2017ACM暑期多校联合训练 - Team 4 1004 HDU 6070 Dirt Ratio （线段树）

题目链接

Problem Description

In ACM/ICPC contest, the ''Dirt Ratio'' of a team is calculated in the following way. First let's ignore all the problems the team didn't pass, assume the team passed X problems during the contest, and submitted Y times for these problems, then the ''Dirt Ratio'' is measured as XY. If the ''Dirt Ratio'' of a team is too low, the team tends to cause more penalty, which is not a good performance.

Picture from MyICPC

Little Q is a coach, he is now staring at the submission list of a team. You can assume all the problems occurred in the list was solved by the team during the contest. Little Q calculated the team's low ''Dirt Ratio'', felt very angry. He wants to have a talk with them. To make the problem more serious, he wants to choose a continuous subsequence of the list, and then calculate the ''Dirt Ratio'' just based on that subsequence.

Please write a program to find such subsequence having the lowest ''Dirt Ratio''.

Input

The first line of the input contains an integer T(1≤T≤15), denoting the number of test cases.

In each test case, there is an integer n(1≤n≤60000) in the first line, denoting the length of the submission list.

In the next line, there are n positive integers a1,a2,...,an(1≤ai≤n), denoting the problem ID of each submission.

Output

For each test case, print a single line containing a floating number, denoting the lowest ''Dirt Ratio''. The answer must be printed with an absolute error not greater than 10−4.

Sample Input

1

5

1 2 1 2 3

Sample Output

0.5000000000

题意：

在给出的数列里面寻找一段区间使得区间内不同数的个数/区间长度的比值最小，输出这个最小值。

分析：把可能的结果二分，然后用线段树求解

如果我们设sum为一个区间内不同数的个数，len为这个区间长度

我们先二分答案得到k，每次判断这个答案k是否是我们要找的答案。

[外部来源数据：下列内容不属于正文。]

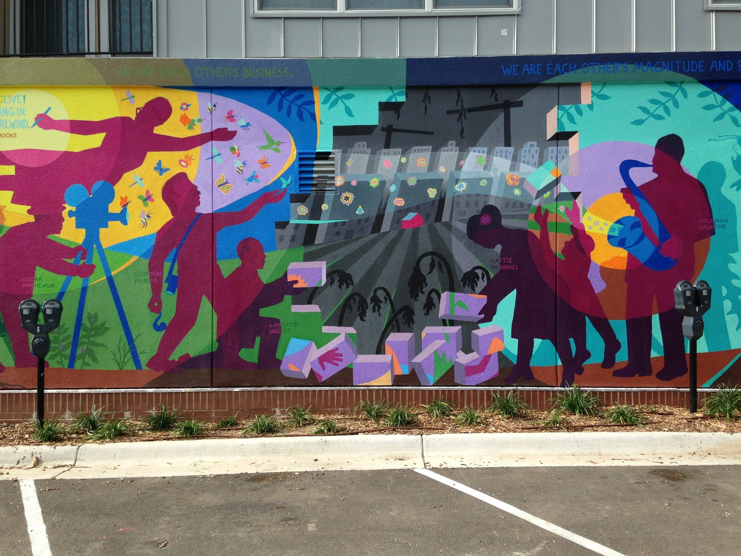 The new design shows the original artists addressing threats to pollinators by working together to rebuild their mural and create a more sustainable habitat for all. In this new design, Gordon Parks, Hattie McDaniel and Langston Hughes reassemble pieces of the original mural, while Oscar Micheaux documents. Coleman Hawkins saxophone plays more than music now as it releases brilliantly colored pollen grains toward awaiting flowers.

那么我们需要在序列中找一段区间使得它的sum/len<=k转换一下得到sum-lenk<=0，我们每次判断这个区间之内的这个条件是否成立。

现在问题就很好解决了，sum可以利用线段树解决：从左往右插入数字，设A[i]上一次出现的位置为pre[i]，那么[pre[i]+1,i]这一段权值加1，sum[j]表示的是：区间[j,i]内不同数的个数，这样从左往右插入数字后，所有的区间都被枚举过了，那么还剩下lenk，这个只要每插入一个数A[i]，就把[1,i]的权值都减去k即可。

#include<iostream>
#include<stdio.h>
using namespace std;
#define lchild left,mid,root<<1
#define rchild mid+1,right,root<<1|1
const int max_n=6e4+10;
int n,a[max_n],last[max_n],pre[max_n];///last[i]表示i这个值最后出现的位置，pre[i]表示i这个位置上的数值上次出现的位置
double sum[max_n << 2], add[max_n << 2];///sum表示的是一个区间之内的和，add起一个中间转换的作用
void push_down(int root)///向下更新左右子树的节点的值
{
    sum[root<<1]+=add[root];
    sum[root<<1|1]+=add[root];
    add[root<<1]+=add[root];
    add[root<<1|1]+=add[root];
    add[root]=0;
}

void push_up(int root)///根据左右子树向上更新根节点的值
{
    sum[root]=min(sum[root<<1],sum[root<<1|1]);
}

void build(int left,int right,int root)///建树时每个节点的sum和add都是0（包括最下层的叶子节点）
{
    sum[root]=0;
    add[root]=0;
    if(left==right)
        return ;
    int mid=(left+right)>>1;
    build(lchild);
    build(rchild);
    push_up(root);
}

void update(int l,int r,double w,int left,int right,int root)
///[l,r]是需要更新的区间，[left,right]是每次二分的区间
{
    if(l<=left&&r>=right)///在整个的区间之内
    {
        add[root]+=w;
        sum[root]+=w;
        return ;
    }

    push_down(root);///向下更新

    int mid=(left+right)>>1;
    if(l<=mid) update(l,r,w,lchild);///更新左子树
    if(r>mid)  update(l,r,w,rchild);///更新右子树
    push_up(root);///由左右子树向上更新
}

double query(int l,int r,int left,int right,int root)
///[l,r]是需要更新的区间，[left,right]是每次二分的区间
{
    if(l<=left&&r>=right)  return sum[root];
    push_down(root);
    int mid=(left+right)>>1;
    double ans=n;
    if(l<=mid) ans=min(ans,query(l,r,lchild));
    if(r>mid) ans=min(ans,query(l,r,rchild));
    push_up(root);
    return ans;
}

bool Find(double m)
{
    build(1,n,1);
    for(int i=1; i<=n; i++)
    {
        update(pre[i]+1,i,1,1,n,1);
        update(1,i,-m,1,n,1);
        if(query(1,i,1,n,1)<=0) return 1;
    }
    return 0;
}
int main()
{
    int T;
    scanf("%d",&T);
    while(T--)
    {
        scanf("%d",&n);
        for (int i = 1; i <= n; i++)
            last[i] = pre[i] = 0;
        for(int i=1; i<=n; i++)
        {
            scanf("%d",&a[i]);
            pre[i]=last[a[i]];
            last[a[i]]=i;
        }
        double le=0.0,ri=1.0;
        for(int i=1; i<20; i++)
        {
            double mi=(le+ri)/2;
            if(Find(mi)) ri=mi;
            else
                le=mi;
        }
        printf("%.9lf",ri);
    }
    return 0;
}